Sudurnes operates exclusively as a consortium participant — it has never held a coordinator role — which is consistent with field stations that contribute site access and local expertise rather than project management. With 71 unique partners across 18 countries through just two projects, both in the same large INTERACT network, their network breadth is driven by that network's scale rather than independent consortium-building. Working with them likely means accessing a well-established international research community rather than a standalone bilateral partnership.
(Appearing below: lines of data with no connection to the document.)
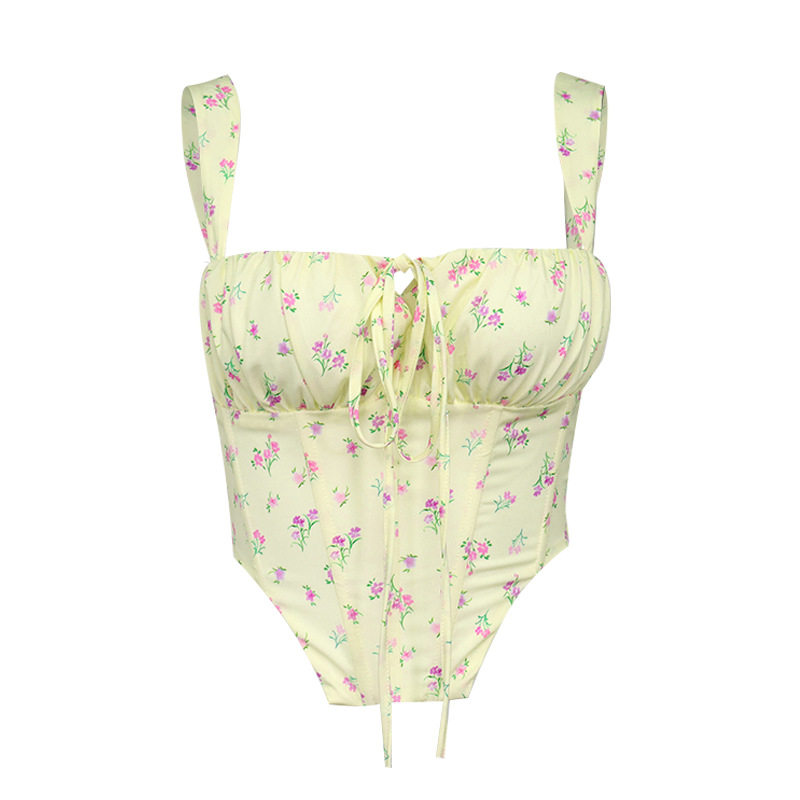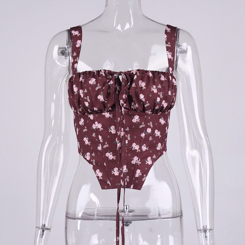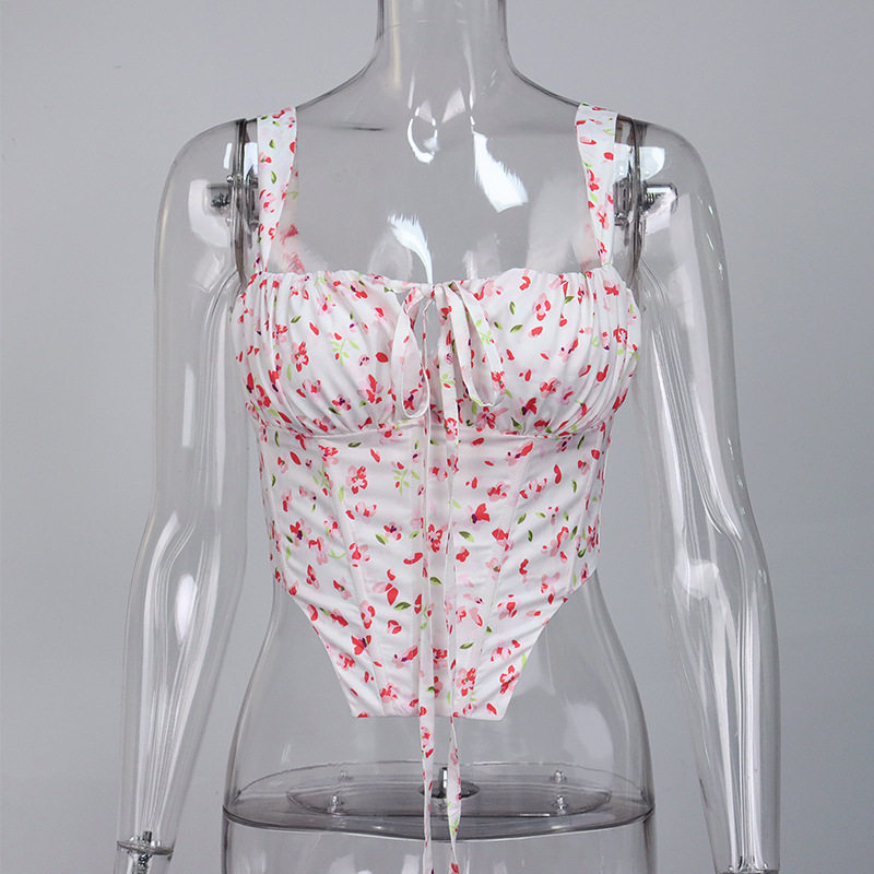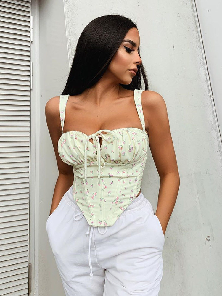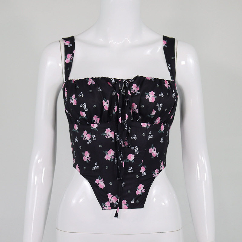 Свежий ретро корсет, брендовая майка, 2022, цветочный принт, европейский стиль, популярно в интернете, эффект подтяжки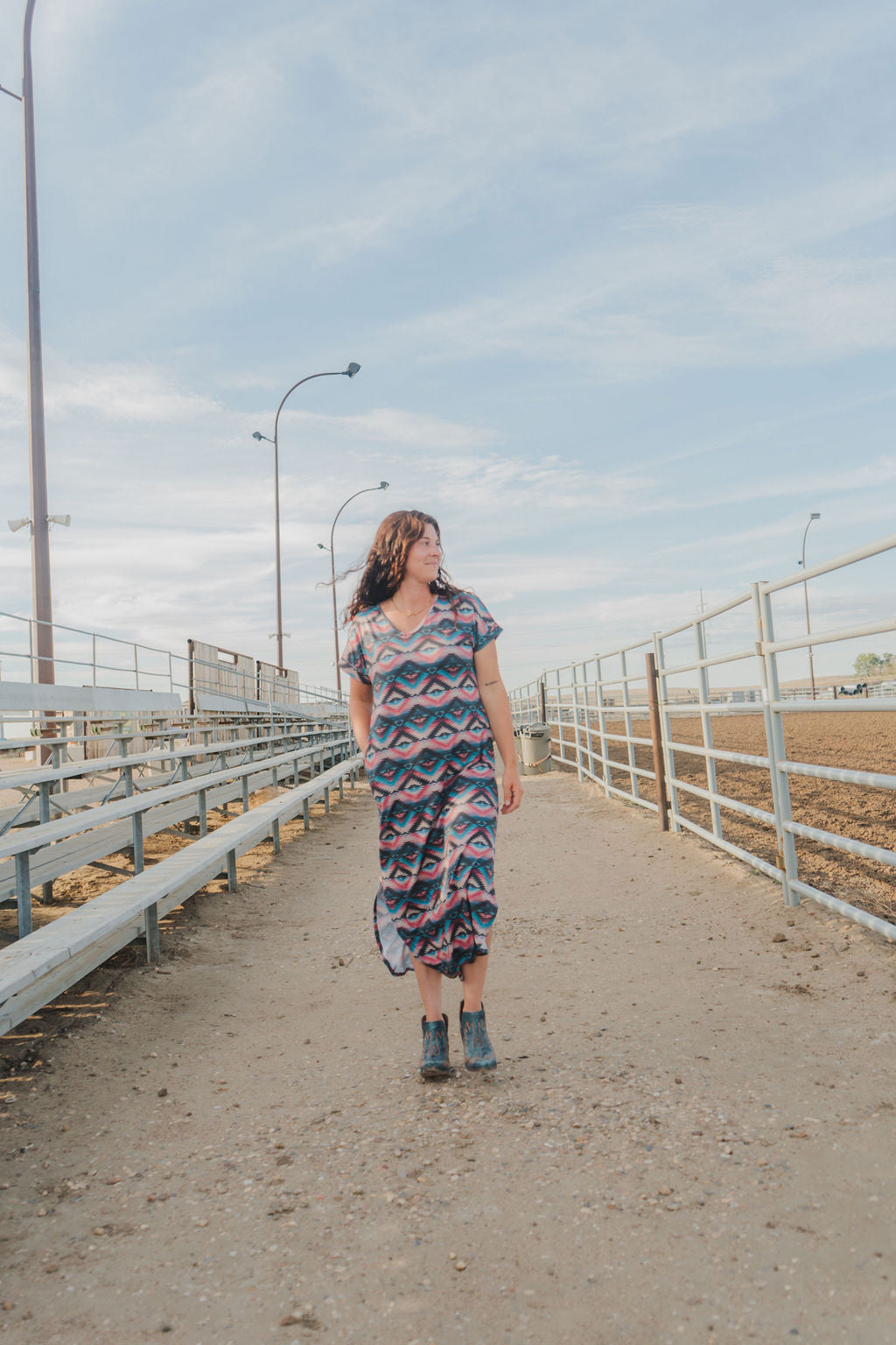 Experience the blend of comfort and style with this Selma Aztec Print Maxi Dress. The relaxed fit, crafted for the modern woman, offers a unique western aesthetic. Made from 78% Polyester, 18% Rayon, and 4% Spandex, this dress is perfect for work and other core season occasions. With pockets for added convenience and machine washable for easy care, this dress is designed to make you feel confident and uplifted. Enjoy the love and passion that we put into every piece.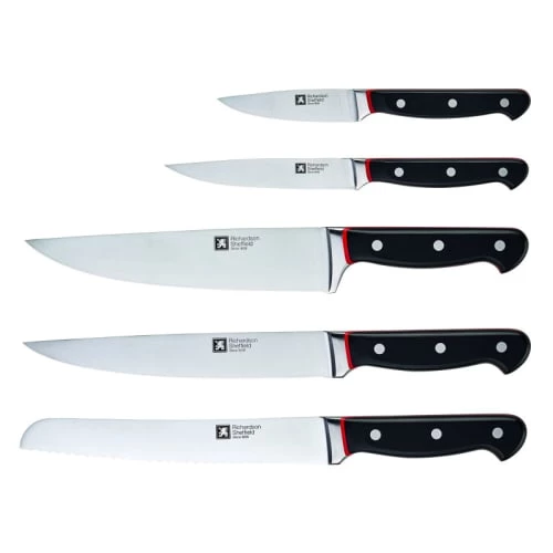 matière : Ce bloc est composé d’un aiguiseur de couteaux, un couteau d’office de 20.5 cm avec une lame de 9.5 cm, un couteau à pain de 34 cm avec une lame de 20.5 cm, un couteau de ménage de 24 cm avec une lame de 12.5 cm, un couteau de chef de 33.5 cm avec une lame de 20 cm et un couteau à découper de 33.5 cm avec un lame de 20.5 cm. les manches bi-injection et rivetés permettent une prise en main optimale et les lames en inox ont une excellente qualité de coupe. Matière : Inox Couleur : Noir Longueur : 12 cm Largeur : 13.5 cm Hauteur : 23 cm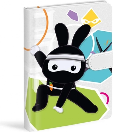 Chroń swoje notatki dzięki naszemu notatnikowi z motywem królika ninja. Zeszyt ma liniowane strony i zaokrąglone rogi, co ułatwia użytkowanie. Dzięki magnetycznemu zapięciu wszystkie Twoje zapiski pozostaną bezpiecznie zamknięte.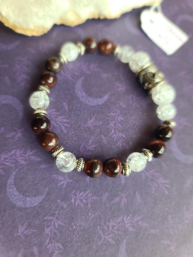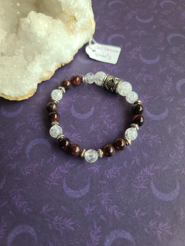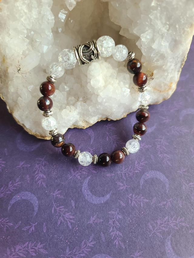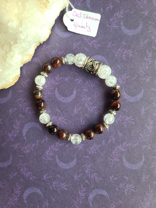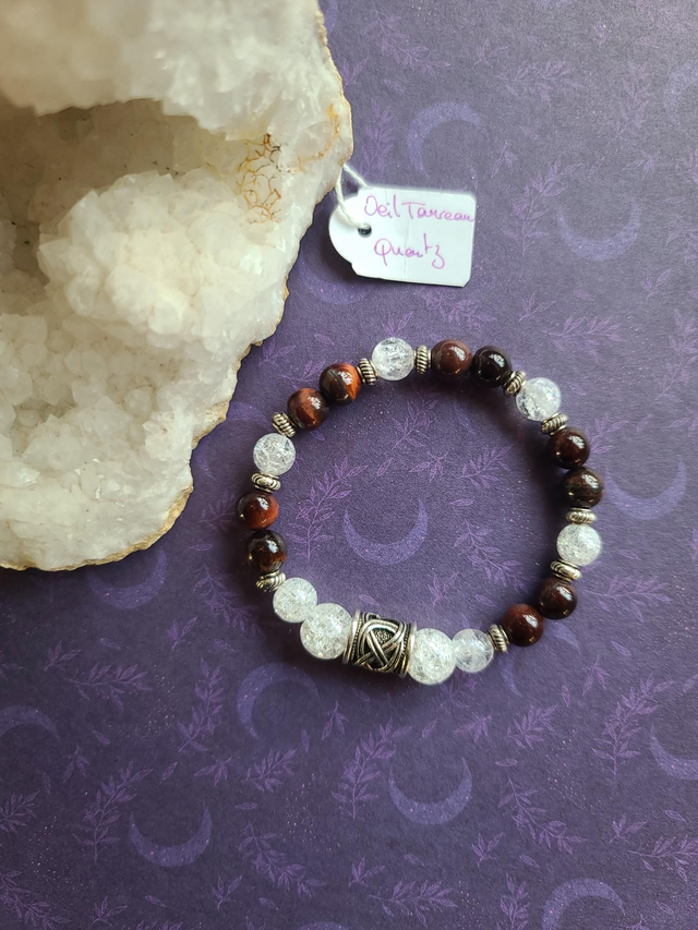 L'Œil de Taureau, pierre de force et de protection dynamique, est idéale pour renforcer le courage et la résistance face aux défis. Elle est accompagnée du Quartz, qui agit comme un amplificateur d'énergie pure, apportant clarté et équilibre à l'ensemble.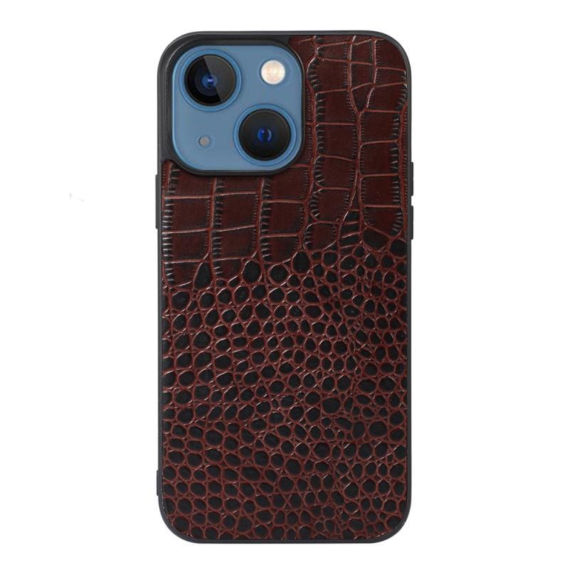 For iPhone 13 Crocodile Top Layer Cowhide Leather Case(Coffee)

The center has connected with 71 unique partners in 18 countries, almost entirely through the INTERACT network — one of Europe's largest arctic research station consortia. Their geographic focus is strongly northern European and circumpolar, fitting for a subarctic Icelandic station embedded in pan-arctic science infrastructure.

Why partner with them

What sets them apart

Sudurnes Science and Learning Center offers something rare in European research infrastructure: a subarctic Icelandic field site with dual capacity for both scientific access and public education. Iceland's position between the North Atlantic and the Arctic makes it a strategically valuable location for climate, oceanographic, and terrestrial ecology research that cannot be replicated on the European mainland. Their sustained, two-phase membership in INTERACT signals credibility within the pan-arctic research community — they are a known, trusted node in a network of over 70 research stations.

Notable projects

Highlights from their portfolio

  • INTERACT (Phase II, 2020–2024)
    The larger of the two funding awards (EUR 103,638) and the more infrastructure-focused phase, this project positioned the center within a pan-arctic network explicitly aimed at developing next-generation monitoring technologies and policy briefings.
  • INTERACT (Phase I, 2016–2021)
    The center's entry into EU-funded research, establishing its role as a transnational access station for arctic terrestrial science within a consortium of 71+ partners across 18 countries.
Cross-sector capabilities
Climate science and carbon cycle researchScience education and informal learningRemote sensing and field monitoring technologiesPolar and subarctic tourism and science communication
Analysis note: Both H2020 projects are the same INTERACT network across two consecutive funding phases — effectively one long-running collaboration. There is no diversity of project types to triangulate expertise from, and no coordinator experience to assess leadership capability. The profile is reliable for what it shows (subarctic station, INTERACT member, education role) but cannot speak to technical depth or independent research capacity beyond site access.